The prevalence of LSBE in patients undergoing endoscopy for any clinical indication has been reported at 0.3-2% but is much higher, 8-20%, in patients with symptoms of GERD. A study conducted at the Mayo Clinic showed an autopsy prevalence about 17 times higher than a clinically matched population, suggesting that most cases of LSBE are asymptomatic and thus unrecognized. In patients undergoing endoscopy, the prevalence of SSBE ranges from 5-30%. The combined prevalence of SSBE and cardia-SIM is 7-8 times greater than LSBE, but the prevalence of dysplasia and cancer is much less.
Cameron (1997) estimated the prevalence of LSBE in the general US population to be 376 cases per 100,000 population.6
The frequency of Barrett esophagus internationally probably parallels that in the United States by ethnicity.
In a Swedish study, Ronkainen (2005) estimates the overall prevalence of Barrett esophagus (SSBE and LSBE) to be 1.6% in the adult population.5
The most significant morbidity associated with Barrett esophagus is the development of adenocarcinoma in the esophagus. The incidence of esophageal adenocarcinoma is rising faster than any other cancer in the United States. From 1926-1976, 4 large surgical series reported that only 0.8-3.7% of esophageal cancers were adenocarcinomas. From 1979-1992, this increased to 54-68%.

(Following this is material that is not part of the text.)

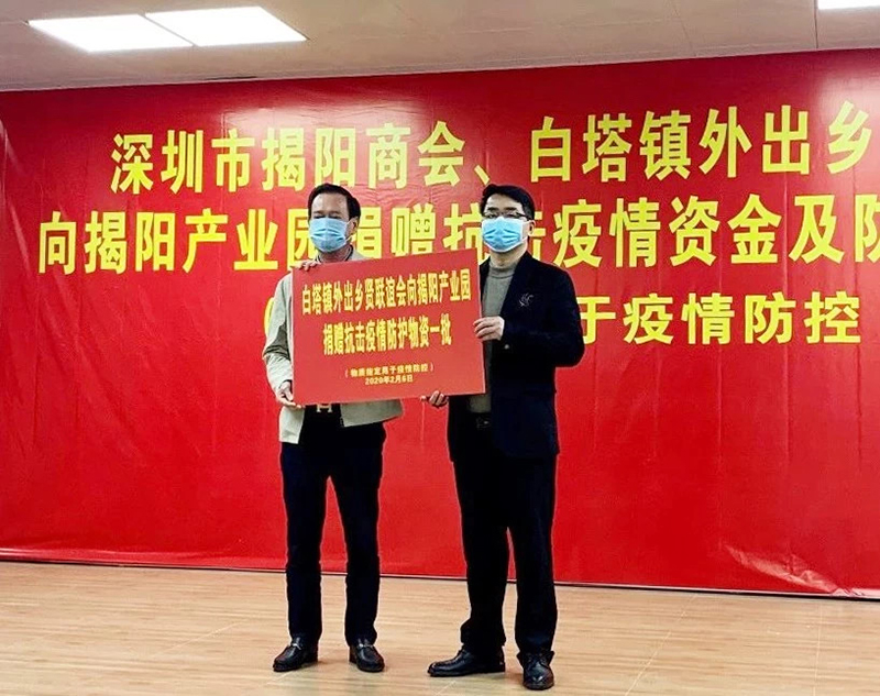 2月6日下午,深圳市揭阳商会、白塔镇外出乡贤联谊会向揭阳产业园捐赠抗击疫情资金及防护物资仪式在揭阳市产业园区管委会礼堂举行。

In 1991, Blot et al reported their findings in a review of data from the Surveillance, Epidemiology, and End Results program of the National Cancer Institute.7 The incidence of esophageal adenocarcinoma in 1988-1990 was 3 times that in 1976-1978. In Olmstead County, Minnesota, Pera et al (1993) conducted a population-based study and found that the incidence of esophageal adenocarcinoma rose from 0.13 cases per 100,000 person-years in 1935-1971 to 0.74 cases per 100,000 person-years in 1974-1989.8 The incidence of adenocarcinoma of the cardia rose from 0.25 to 1.34 cases per 100,000 person-years in the same time period, an increase of more than 5-fold for both locations. Patients with LSBE have the greatest risk for development of dysplasia and adenocarcinoma of the esophagus.
Studies report the prevalence of dysplasia in LSBE at 20-35%, SSBE at 6-8%, and cardia-SIM at 0-6%, with the prevalence of adenocarcinoma being 7-15 times greater in LSBE versus SSBE and cardia-SIM. However, the total number of patients with SSBE and cardia-SIM is 7-8 times that of LSBE. Thus, even with a higher prevalence of dysplasia and cancer in the LSBE population, a greater total number of patients are likely to develop cancer from within the SSBE and EGJ-SIM group.
Barrett esophagus primarily affects white people. It is rare in people of African ancestry, at this time.
Barrett esophagus is found in both men and women, with a 2:1 male-to-female ratio.
The average age of patients with demonstrated Barrett esophagus is 55-65 years.
The classic history for a patient with Barrett esophagus is a middle-aged (55 y) white man with a chronic history of GER, for example, pyrosis, acid regurgitation, and, occasionally, dysphagia. Although this is a classic history, some patients may deny any symptoms.
No unique physical examination characteristics are evident in patients with Barrett esophagus other than those that would be found in patients with chronic GERD.
GERD is the primary etiology of Barrett esophagus.
Esophagitis
Gastroesophageal Reflux Disease
The presence of specialized intestinal metaplasia in the esophagus is required for the diagnosis of Barrett esophagus.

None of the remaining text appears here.